The agency attributed the shutdown of Hydra to an extensive investigation operation conducted by its Central Office for Combating Cybercrime (ZIT) in partnership with U.S. law enforcement authorities since August 2021.
Launched in 2015, Hydra is a Russian-language dark web marketplace that opened as a competitor to the now-defunct Russian Anonymous Marketplace (aka RAMP), primarily focusing on the sales of illegal narcotics before expanding their focus to peddle forged documents and stolen credit cards.
“Cybercriminals now use it to conduct illicit sales of stolen credit cards, SIM cards, and counterfeit documents and IDs, among other offerings — as well as to obfuscate their own digital transactions through regional exchanges and extended money laundering tactics,” Flashpoint noted in a May 2021 report.

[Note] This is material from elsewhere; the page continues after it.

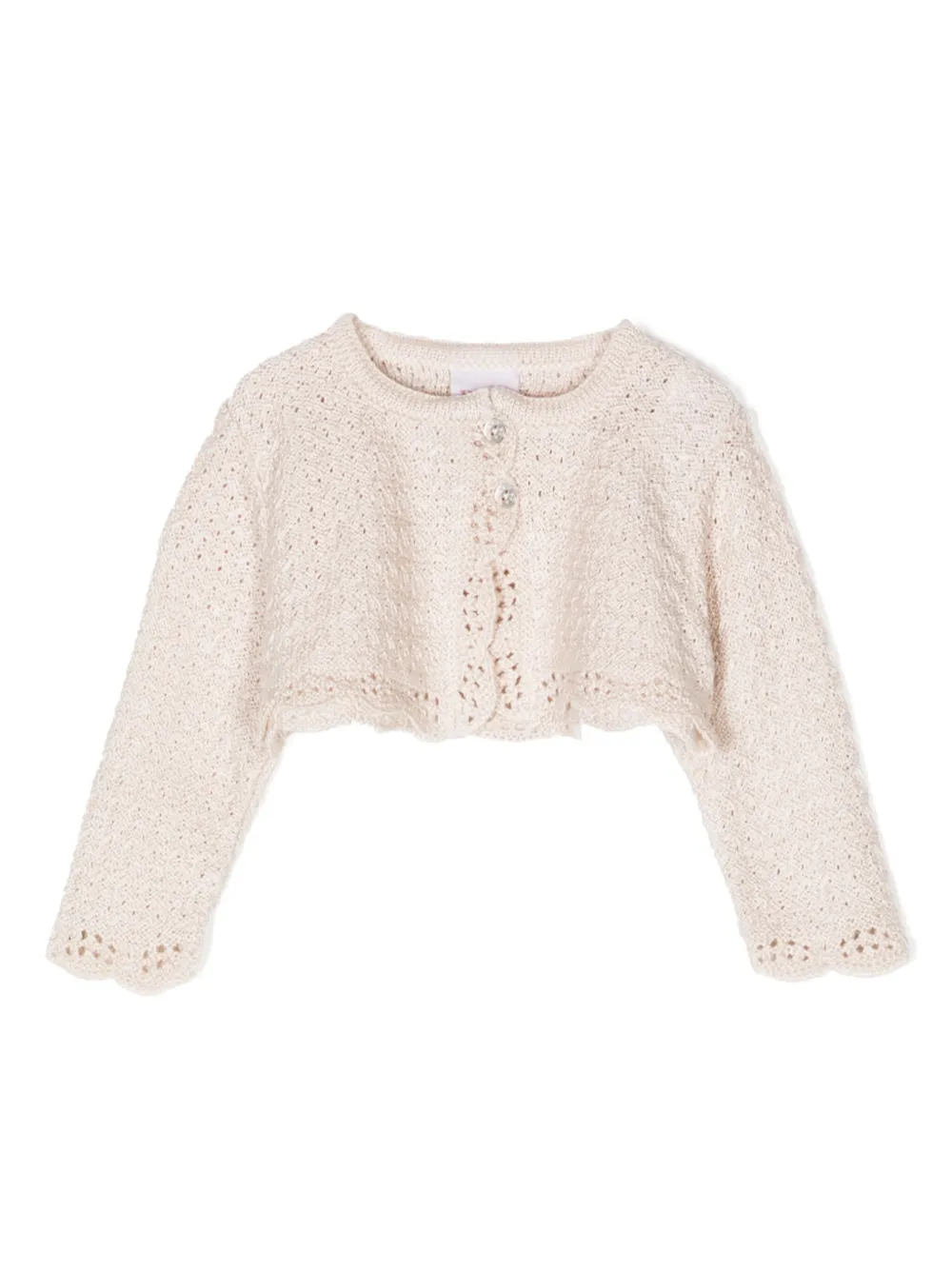 round-neck cropped cotton cardigan from Paz Rodriguez featuring ivory white, knitted construction, round neck, front button fastening, long sleeves, scallop hem, cropped and cotton.
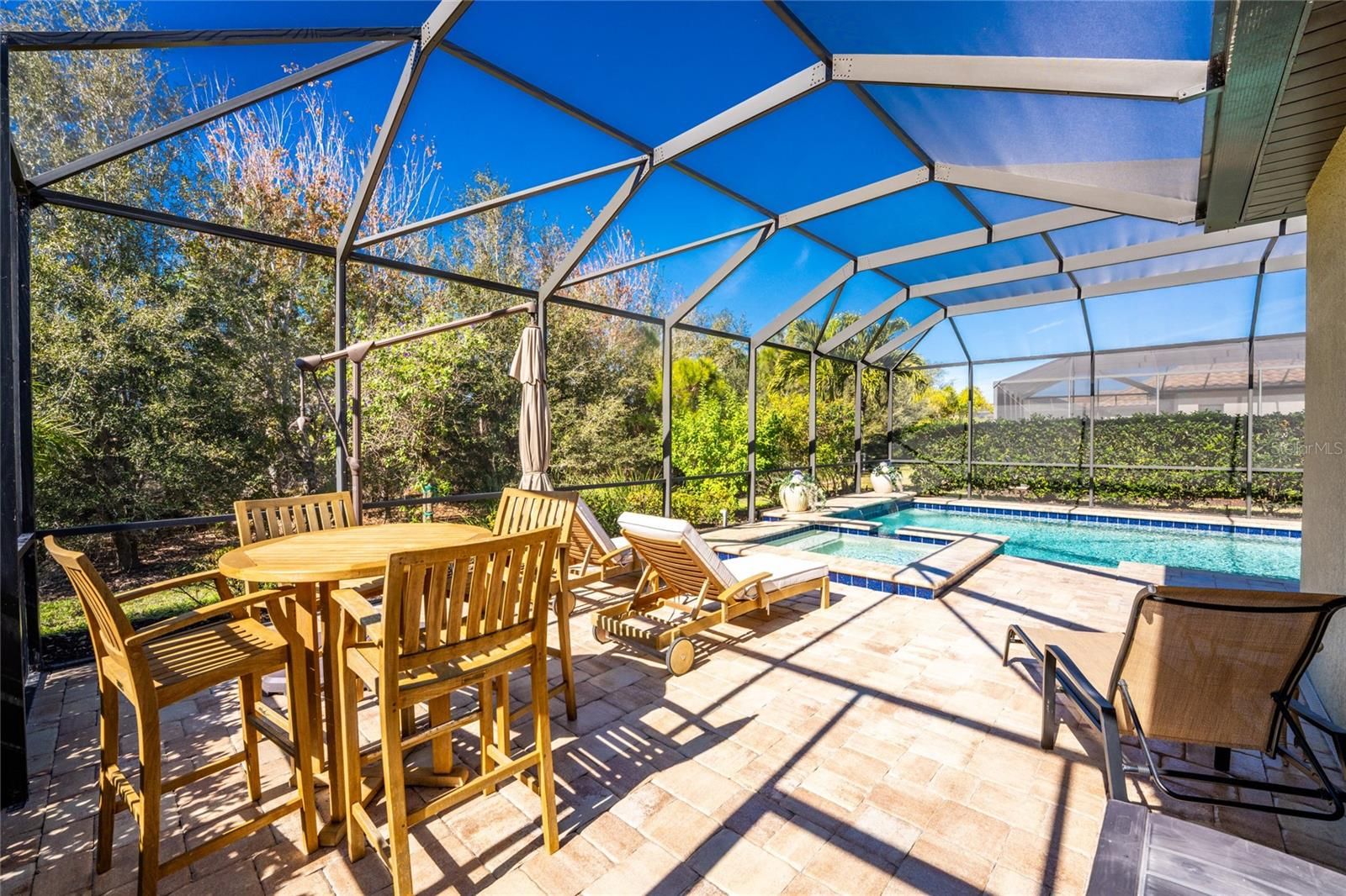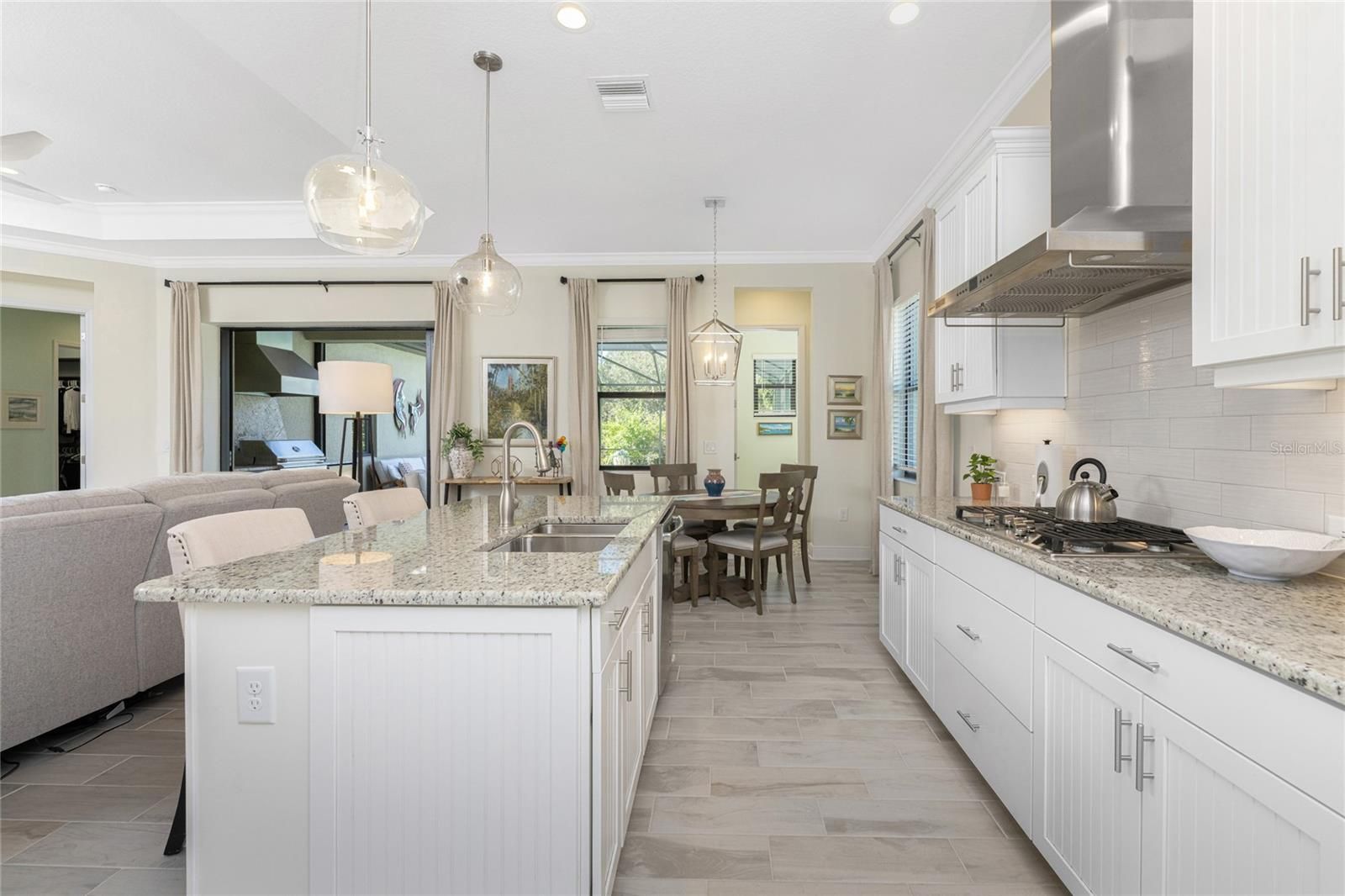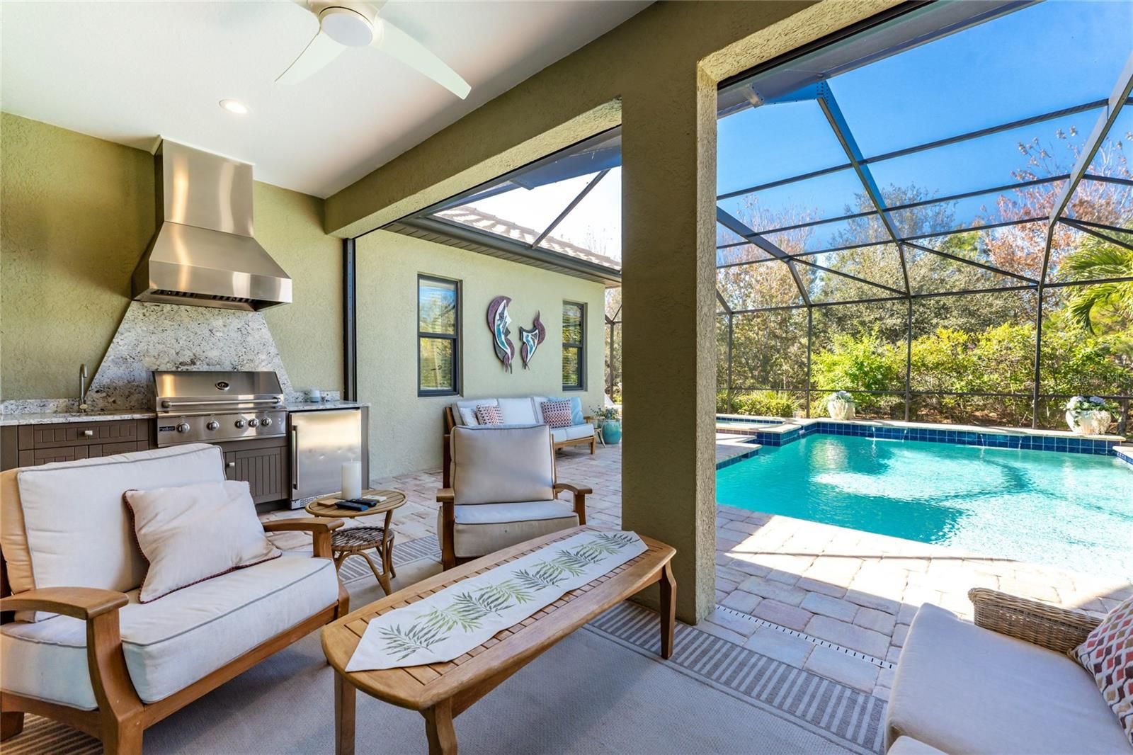 Built in 2019 and thoughtfully upgraded throughout, this 3 bedroom plus den, 2.5 bath residence offers a refined, coastal-inspired interior paired with an exceptional outdoor living experience. All within the sought-after Boca Royale Golf & Country Club community. Step inside to a bright, open great room layout designed for both everyday comfort and effortless entertaining. Wood plank tile flooring runs throughout the main living areas, complemented by a tray ceiling with crown molding that adds architectural interest and dimension. A formal dining space provides flexibility for gatherings, while the overall aesthetic feels straight out of a high-end coastal design catalog - clean, inviting, and timeless. The kitchen is a true centerpiece, combining function and style with shaker-style cabinetry, granite countertops, a counter-height center island with breakfast bar seating, and a natural gas cooktop. A built-in wall oven and microwave enhance convenience, while the spacious walk-in pantry offers impressive storage rarely found at this price point. The adjacent breakfast nook overlooks the outdoor living area, creating a seamless connection between indoor and outdoor spaces. Privately positioned, the primary suite is generously sized and designed as a true retreat. The expansive en-suite bath (approximately 10x10) features dual sinks, an oversized walk-in shower, and two large walk-in closets. Sliding glass doors provide direct access to the lanai and pool area, allowing for a quiet morning coffee or evening unwind just steps from your bedroom. The split-bedroom floor plan ensures privacy for guests, while the den offers versatility for a home office, media room, or additional flex space. Outdoor living is where this property truly stands apart. The extended lanai with brick pavers creates a resort-style setting anchored by a HEATED SALTWATER POOL AND SPA that is noticeably larger than many others in the community. The BUILT-IN SUMMER KITCHEN makes entertaining effortless, while the expansive pool deck offers ample room for dining, lounging, and hosting. A private preserve view provides a peaceful backdrop with no future development, enhancing both privacy and long-term value. Additional features include a 2-car garage with epoxy flooring, IMPACT WINDOWS, MOTORIZED HURRICANE SHUTTERS AND GENERATOR (both installed in 2020) for added peace of mind. The interior has been freshly painted, and select furnishings may be available separately. Not located in a flood zone and with no CDD fee, this property offers both financial and practical advantages. Boca Royale Golf & Country Club residents enjoy access to a full-service restaurant and bar, resort-style pool, fitness center, and an active social calendar. A social membership is included in the HOA, with optional golf and racquet memberships (tennis and pickleball) available. A community dog park and proximity to multiple Gulf beaches further enhance the lifestyle appeal. This is a home that delivers on both presentation and livability. Well suited as a full-time residence or a seasonal retreat, with features and upgrades that are increasingly hard to find.

Hydra’s annual transaction volumes are estimated to have crossed $1.37 billion by the end of 2020, marking a staggering rise from a mere $9.40 million in 2016. Roughly 17 million customer and over 19,000 seller accounts are said to have been registered on the marketplace, the BKA said.
Visitors to the marketplace website are now greeted by a seizure banner that says: “The platform and the criminal content have been seized by the Federal Criminal Police Office (BKA) on behalf of the Attorney General’s Office in Frankfurt am Main in the course of an international coordinated law enforcement operation.”
The demise of Hydra follows a wave of recent law enforcement actions against criminal marketplaces since the start of the year, including that of UniCC, Canadian HeadQuarters, and four Russian carding shops Ferum Shop, Sky-Fraud, Trump’s Dumps, and UAS that specialized in the sales of stolen credit cards.